In punto di tecnica di produzione degli effetti giuridici, la norma si atteggiava nel
seguente modo: norma – potere – effetto più norma – fatto – effetto, dove il
fatto nel secondo momento è proprio la convenzione di negoziazione assistita.
Ricostruito in uno schema sillogistico risulta così:
premessa minore PREMESSA MAGGIORE conclusione
potere volontà di entrambi i coniugi di separarsi consensualmente
o volontà di entrambi i coniugi di
modificare le condizioni matrimoniali
o volontà di entrambi i coniugi di sciogliere il vincolo matrimoniale
Norma art. 6.1 d.l. 132/2014
effetto convenzione di negoziazione
assistita dall’avvocato
premessa minore PREMESSA MAGGIORE conclusione
fatto convenzione di negoziazione assistita
Norma art. 6.3 d.l. 132/2014
effetto negozio di separazione o di
modifica o di scioglimento del matrimonio
Il comma 3, infatti, che è norma sugli effetti, equiparava sul piano giuridico il
negozio, di cui al comma 1, al provvedimento giudiziale che definisce i
procedimenti in materia matrimoniale.
Naturalmente, il comma 2 faceva salvi i casi di presenza di figli minori,
maggiorenni incapaci o portatori di handicap, per i quali si sarebbe comunque
dovuto applicare la disciplina ordinaria precedente alla riforma.
L’assetto cambia completamente con la conversione del decreto legge in legge.

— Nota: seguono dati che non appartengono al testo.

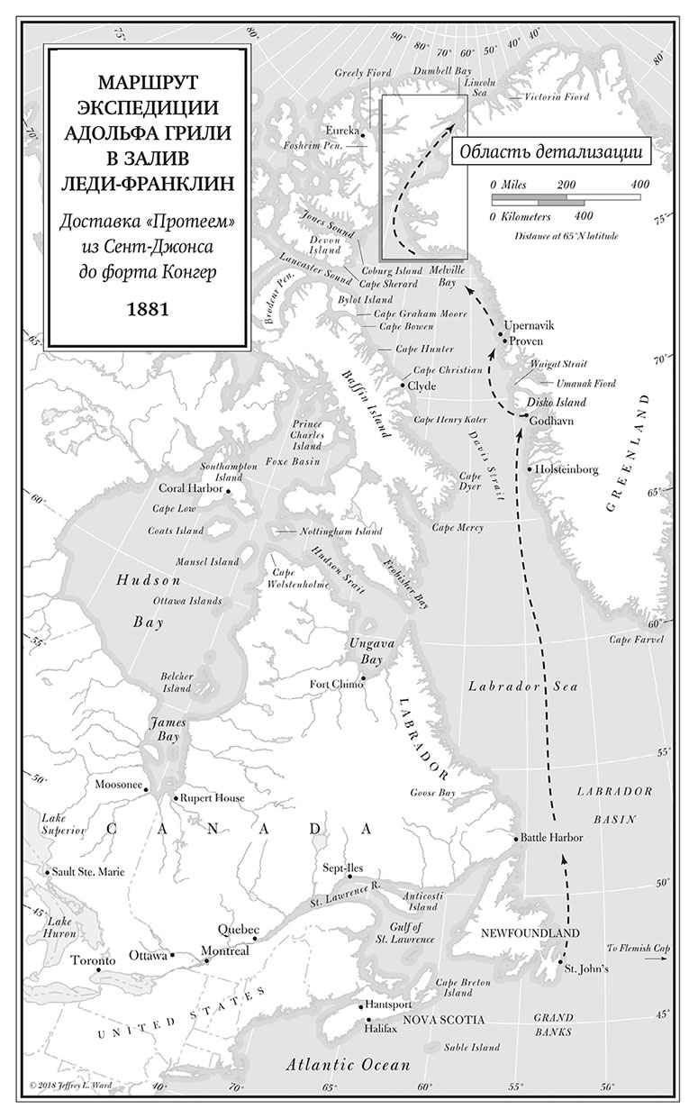 «Протей», спущенный на воду и получивший своё имя в 1874 году в шотландском Данди, был 467-тонным пароходом с железным форштевнем, спроектированным под плавание в высоких широтах для промысла тюленей. Ресурс этого судна при правильном уходе был рассчитан на полвека. Командовал «Протеем» капитан Ричард Пайк, один из опытнейших полярных мореплавателей Ньюфаундленда. Теперь Пайк шёл курсом на север с невероятной для этого времени года скоростью, рассекая в густом тумане неспокойные и забитые льдом воды пролива Дэвиса, пока не достиг западных берегов Гренландии. Там они бросили якорь на рейде Годхавна (современный Керкертасуак) на острове Диско. Сквозь поднимающийся туман перед взорами Грили и его людей проступили прибрежные горы высотой под 3000 футов, а под ними – датское поселение вокруг закрытой тихой бухты. Местные приветствовали прибытие «Протея» пушечным залпом, и вскоре на борт к ним поднялся лично Софус Краруп-Смит, инспектор Датского королевства по Северной Гренландии.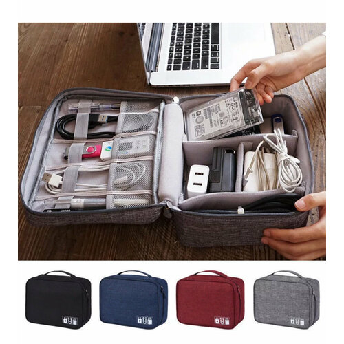 Органайзер для проводов и аксессуаров Серый GR/ Органайзер для кабелей / Сумка для проводов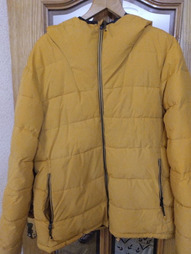 Plumas amarillo mostaza con capucha. Talla L/XL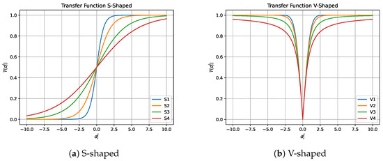 In 1997, Kennedy et al. [89] introduced transfer functions in the field of optimization. New transfer functions have been introduced over the years [22], and we can observe that there are different types of transfer functions, among which S-Shaped transfer functions [76,90] and V-Shaped transfer functions [91] stand out.

La nuova e vigente formulazione dell’art. 6 dispone che “1. La convenzione di
negoziazione assistita (da almeno un avvocato per parte) può essere conclusa
tra coniugi al fine di raggiungere una soluzione consensuale di separazione
personale, di cessazione degli effetti civili del matrimonio, di scioglimento del
matrimonio nei casi di cui all'articolo 3, primo comma, numero 2), lettera b),
della legge (1º dicembre) 1970, n. 898, e successive modificazioni, di modifica
delle condizioni di separazione o di divorzio. (2. In mancanza di figli minori, di
figli maggiorenni incapaci o portatori di handicap grave ai sensi
dell'articolo 3, comma 3, della legge 5 febbraio 1992, n. 104, ovvero
economicamente non autosufficienti, l'accordo raggiunto a seguito di
convenzione di negoziazione assistita e' trasmesso al procuratore della
Repubblica presso il tribunale competente il quale, quando non ravvisa
irregolarità, comunica agli avvocati il nullaosta per gli adempimenti ai
sensi del comma 3. In presenza di figli minori, di figli maggiorenni incapaci
o portatori di handicap grave ovvero economicamente non autosufficienti,
l'accordo raggiunto a seguito di convenzione di negoziazione assistita deve
essere trasmesso entro il termine di dieci giorni al procuratore della
Repubblica presso il tribunale competente, il quale, quando ritiene che
l'accordo risponde all'interesse dei figli, lo autorizza. Quando ritiene che
l'accordo non risponde all'interesse dei figli, il procuratore della Repubblica
lo trasmette, entro cinque giorni, al presidente del tribunale, che fissa, entro
i successivi trenta giorni, la comparizione delle parti e provvede senza
ritardo. All'accordo autorizzato si applica il comma 3). 3. L'accordo raggiunto
a seguito della convenzione produce gli effetti e tiene luogo dei provvedimenti
giudiziali che definiscono, nei casi di cui al comma 1, i procedimenti di separazione
personale, di cessazione degli effetti civili del matrimonio, di scioglimento del
matrimonio e di modifica delle condizioni di separazione o di divorzio.
(Nell'accordo si da' atto che gli avvocati hanno tentato di conciliare le parti
e le hanno informate della possibilità di esperire la mediazione familiare e
che gli avvocati hanno informato le parti dell'importanza per il minore di
trascorrere tempi adeguati con ciascuno dei genitori). L'avvocato della parte
è obbligato a trasmettere, entro il termine di dieci giorni, all'ufficiale dello stato
civile del Comune in cui il matrimonio fu iscritto o trascritto, copia, autenticata
dallo stesso, dell'accordo munito delle certificazioni di cui all'articolo 5”.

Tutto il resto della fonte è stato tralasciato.